Лирический герой отвечает самому себе изящными, романтическими фразами, но как дело доходит до реального собеседника, он пасует и отвечает прозаично. Противопоставление романтики реализму, — литература за несколько тысяч лет своей истории ещё не придумала ничего более действенного и художественно правдоподобного, чем этот контраст. Частотно в стихах Елены по понятным причинам встречаются фамилии известных композиторов: Григ, Шопен, Шостакович; а музыкальные интертекстемы порой перевешивают литературные, что в общем довольно интересно и только добавляет её поэзии дополнительную сложность и полифонию. Но опять, повторюсь, отнюдь не это наделяет стихи Елены музыкой! Ряд стихотворений насыщен петербургской тематикой: «Московский вокзал», «Петербургский ангел» и др. Иногда Елена изобретает интересную субъектность, как например, в стихотворении «Прутик». Отдельный лейтмотив сборника — поэзия обыденного. Буквально каждая пылинка насыщается поэзией и становится микрокосмосом:
«<...>
Так медленны, что, чудится, застыли
В косых лучах пылинки золотые.
А солнечные пятна-острова
Лежат на стенах, будто в океане.
За окнами трамвай весёлый, ранний
Гремит. И всё живёт. И я жива».
«<...>
Под звуки Глинки, Грига, Мендельсона… —
Услышишь ход вещей, всмотрясь на миг
В подвижный контур капли невесомой».
и др.
Именно эта поэзия мгновения и эти озарения внезапного счастья, появляющиеся во многих стихотворениях Елены, как я понял, и привлекли Евгению Коробкову, о чём она пишет в предисловии.

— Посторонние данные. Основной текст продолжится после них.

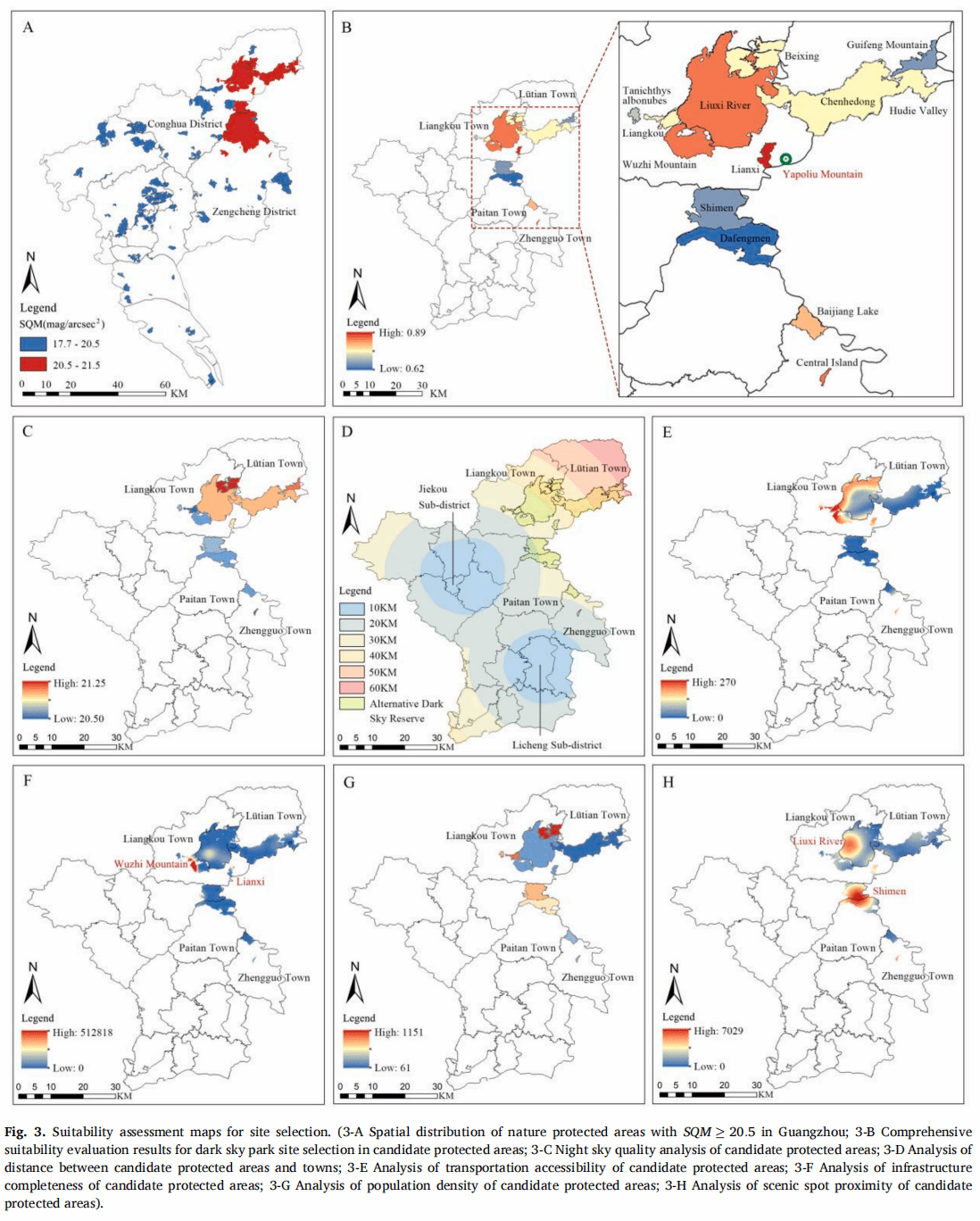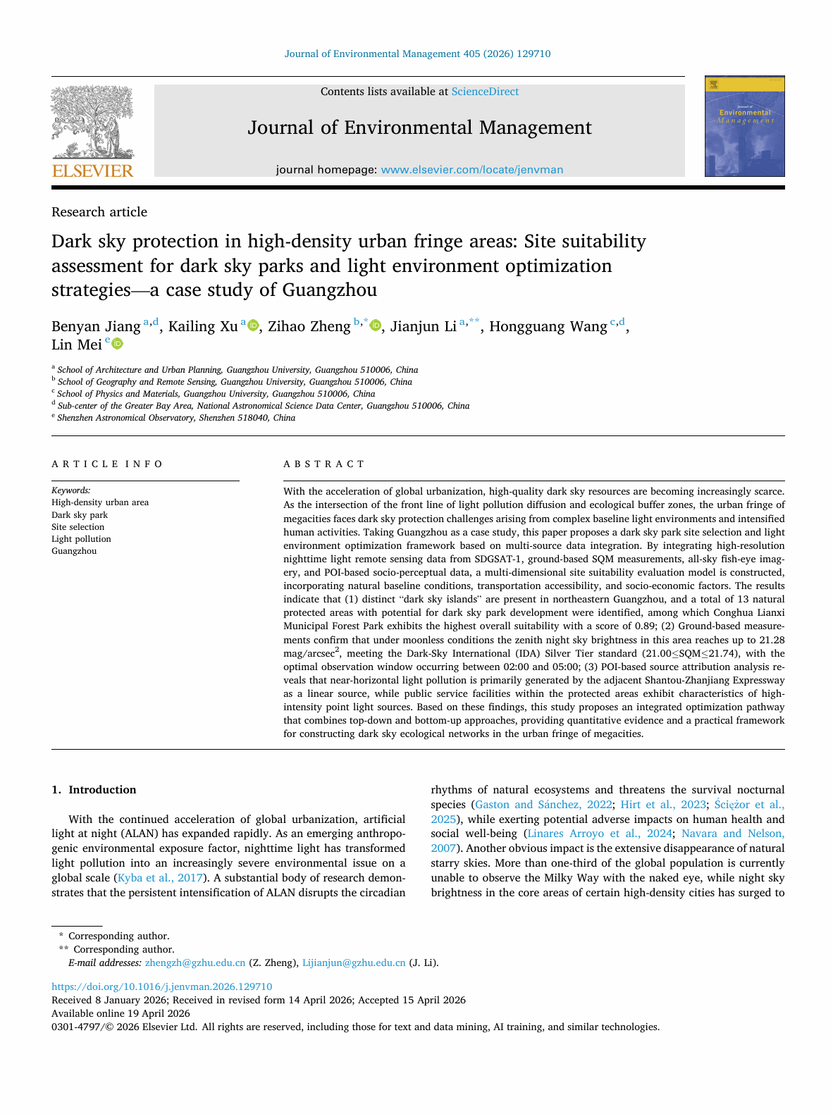 该成果第一作者为我院讲师江本砚,通讯作者为地理科学与遥感学院郑子豪副教授、我院李建军教授,合作者包括我院研究生徐楷灵、物理与材料科学学院王洪光教授、深圳市天文台梅林研究员。论文题为《Dark sky protection in high-density urban fringe areas: Site suitability assessment for dark sky parks and light environment optimization strategies: a case study of Guangzhou》,获得广东省哲学社会科学规划项目、广东省自然科学基金青年项目、广东省科技计划项目和国家自然科学基金项目资助。

Стихи Елены, кончено, очень светлы. Они преисполнены неподдельным состраданием и простым человеческим теплом, которого порой так не хватает. Но я бы хотел посмотреть на её стихи немного с другого угла. Например, в стихотворении «о музыке и не», которое, как и многие другие стихи Елены, построено на сюжете (ревнивый музыковед, опечаленный нынешним положением дел в классической музыке, вынужден писать положительные или нейтральные статьи; находить смысл там, где его нет, искать красоту в уродстве и проч.) явно прослеживается преемственность романтизму. Что это, как не Маяковский, и даже не его «Скрипка и немножко нервно», а в целом этот дух протеста и непримиримости с существующим порядком вещей, этот дух жадного и ревнивого до своей любви человека. Там, где у Маяковского гремела революция, Елене слышится угасающий голос былой гармонии (и в прямом, и в переносном смысле). Этот голос зовёт её защищать гармонию.
«<…>
что вавилонская башня
озвученных партитур
всей
этой
вашей
современной
академической
музыки
пытка для ушей и сознания
более ничего
но я помню что
понять красоту
можно
только познав страдание
и сдаю статью в печать
и забываю о ней
но если бы я был хором
роялем
виолончелью
кларнетом
тарелками
я в ночном кошмаре приходил бы
к современному композитору
и вопрошал
что что ты сделал со мной
почему во мне больше нет музыки
ты убил музыку во мне
ради того
чтобы спрятать свою беспомощность
чтобы выпендриться
потешить самолюбие
гордеца
ради самоутверждения
на тебе столько крови
исполнительской
слушательской
остановись
тоника всё равно выживет
её ты убить не сможешь
Господи
Шуберта
Шуберта
Грига
Чайковского
Пощадите».
«Тоника всё равно выживет» — совершенно точно. Дух музыки не уничтожить. И как всё это созвучно мысли Блока, когда в 1919 году в статье «Крушение гуманизма» он писал:
«Культура будущего копилась не в разрозненных усилиях цивилизации поправить непоправимое, вылечить мертвого, воссоединить гуманизм, а в синтетических усилиях революций, в этих упругих ритмах, в музыкальных потягиваниях, волевых напорах, приливах и отливах, лучший выразитель которых есть Вагнер. Вся усложненность ритмов стихотворных и музыкальных (особенно к концу века), к которым эпигоны гуманизма были так упорно глухи и враждебны, есть не что иное, как музыкальная подготовка нового культурного движения, отражение тех стихийных природных ритмов, из которых сложилась увертюра открывающейся перед нами эпохи <…>».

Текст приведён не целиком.